Mid-level unit award of the United States Air Force

The Meritorious Unit Award or MUA is a mid level unit award of the United States Air Force and United States Space Force. Established in 2004, the award recognizes those units who demonstrate exceptionally meritorious conduct in direct support of combat operations. Eligible service is retroactive to 11 September 2001.

==Criteria==
Approved in March 2004 by the Secretary of the Air Force, the Meritorious Unit Award is awarded in the name of the Secretary to recognize squadrons, groups, or wings for exceptionally meritorious conduct in the performance of outstanding achievement or service in direct support of combat operations for at least 90 continuous days during the period of military operations against an armed enemy of the United States on or after 11 September 2001. The recommended unit must display such outstanding devotion and superior performance of exceptionally difficult tasks as to set it apart and above other units with similar missions.

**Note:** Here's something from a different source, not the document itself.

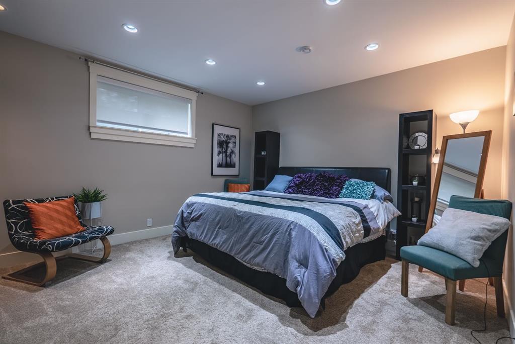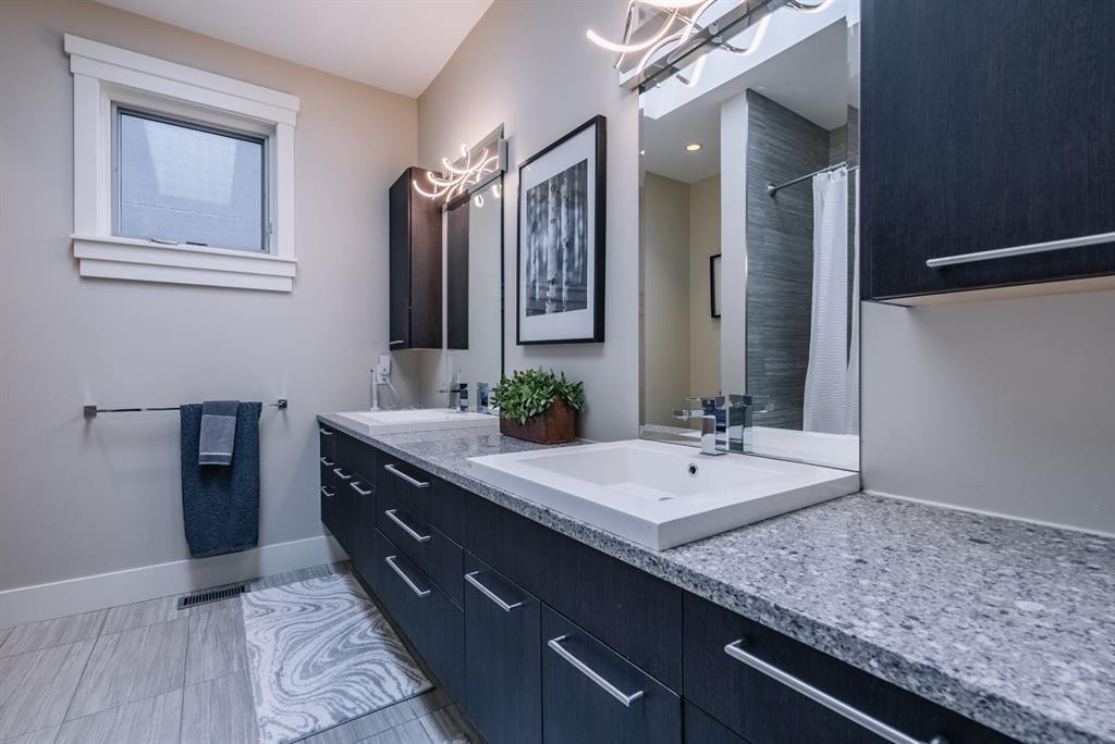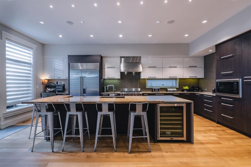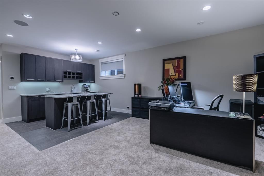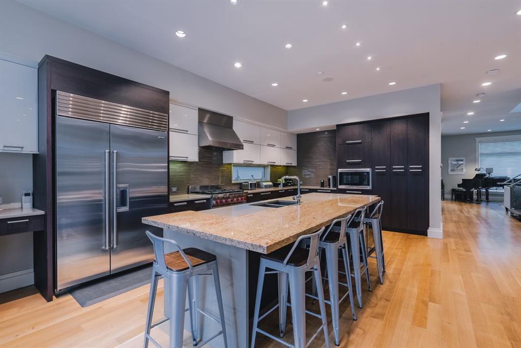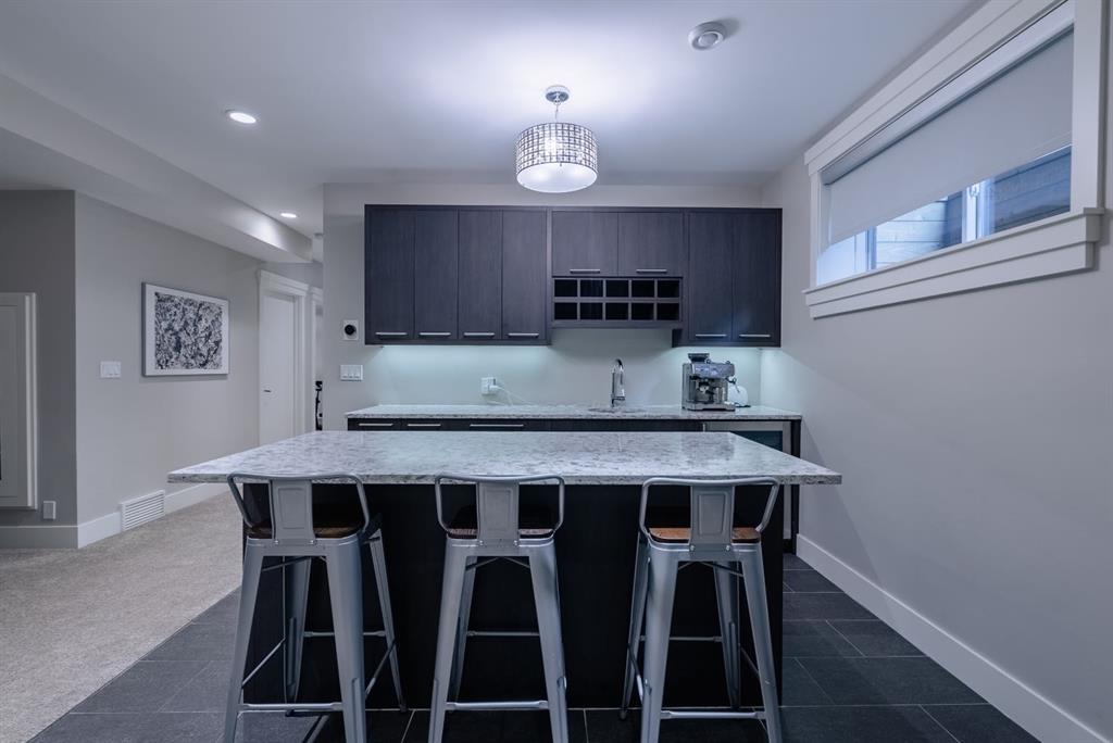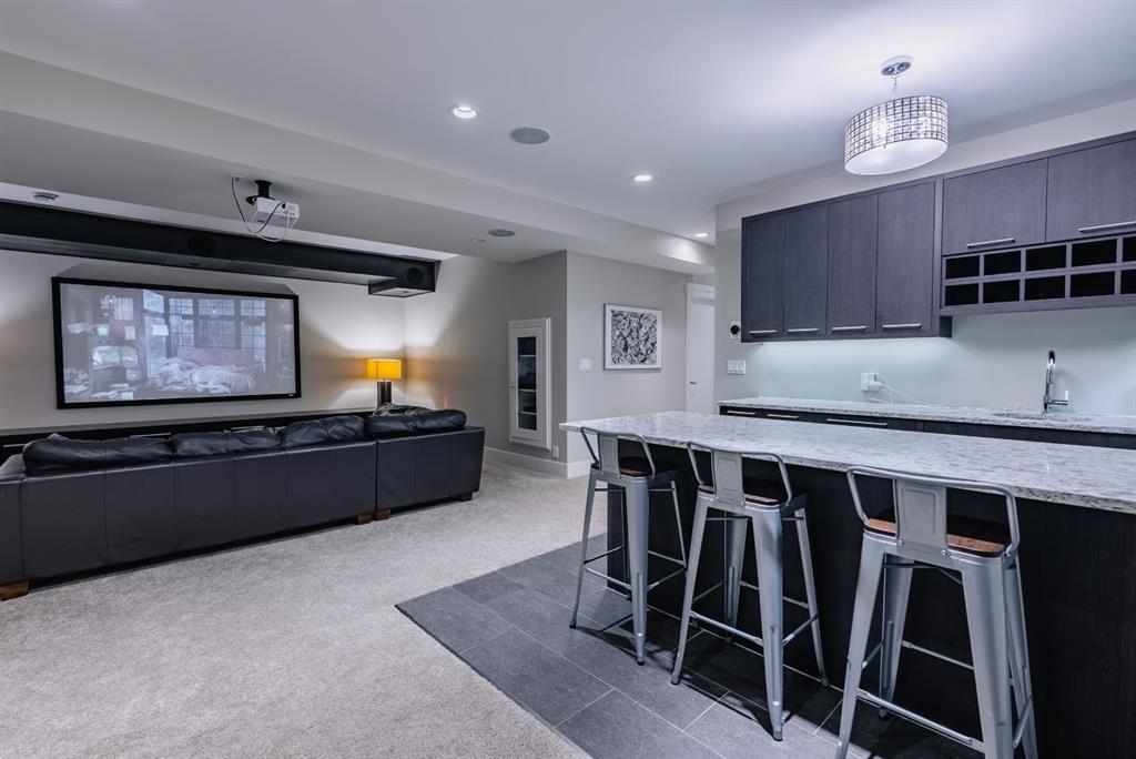 Immaculate West Coast modern home located on an oversized 37.5' x 125' lot in desirable Hillhurst. This home will leave a lasting impression as you walk up the beautifully manicured lot and into a warm and inviting foyer where you'll instantly notice 10' ceilings, impeccable white oak hardwood floors, and clean contemporary lines throughout. A front formal living room is adorned by the south sun and is anchored by a stone surround gas fireplace. The main living space is an open floor plan with a dining area, family room with another gas fireplace and built-ins and an executive kitchen with with a large island with raised breakfast bar and wine fridge, granite & quartz counters, designer styled kitchen cupboards, and high-end appliances including Subzero fridge, and Wolf microwave and gas range. Open riser stairs with glass rails lead up to a bright upper level showcasing 9' ceilings, skylights, convenient laundry, full bath, and 4 generous bedrooms. The primary retreat is a tranquil setting with ample windows, private balcony, gas fireplace, and a luxurious 6pc ensuite with in-floor heat, steam shower and soaker tub. Accessible from the ensuite if the large walk-in closet with custom shelving. The fully developed lower presents in-floor heating, a fifth bedroom and den that can ideally function as a home gym or office. Families will love the large games area and gathering for movies in the media room with projector and screen. A large wet bar with centre island is perfect for storing beverages and making popcorn. The backyard retreat is a serene oasis with a covered gazebo over the deck for privacy, beautiful yard for kids to play and heated double detached garage. Live an amazing urban lifestyle on a quiet tree-lined cul-de-sac within steps of the city's best bike paths, walking distance to downtown, and close to the trendy shops & cafes of Kensington. Welcome home! (id:22211)

The degree of achievement required is the same as that which would warrant award of the Legion of Merit to an individual. Superior performance of the normal mission alone does not justify award of the MUC. Service in a combat zone is not required, but service must be directly related to the combat effort.

The MUA is worn immediately after the Gallant Unit Citation (GUC) and before the Air and Space Outstanding Unit Award (ASOUA). Additional awards of the MUA are denoted by bronze oak leaf clusters.

The MUA is not awarded to any unit or unit component that was previously awarded the Air and Space Outstanding Unit Award, the Air and Space Organizational Excellence Award (ASOEA), or unit awards from other service components for the same act, achievement, or service. The component commander will automatically consider all disapproved Meritorious Unit Awards for the Air and Space Outstanding Unit Award.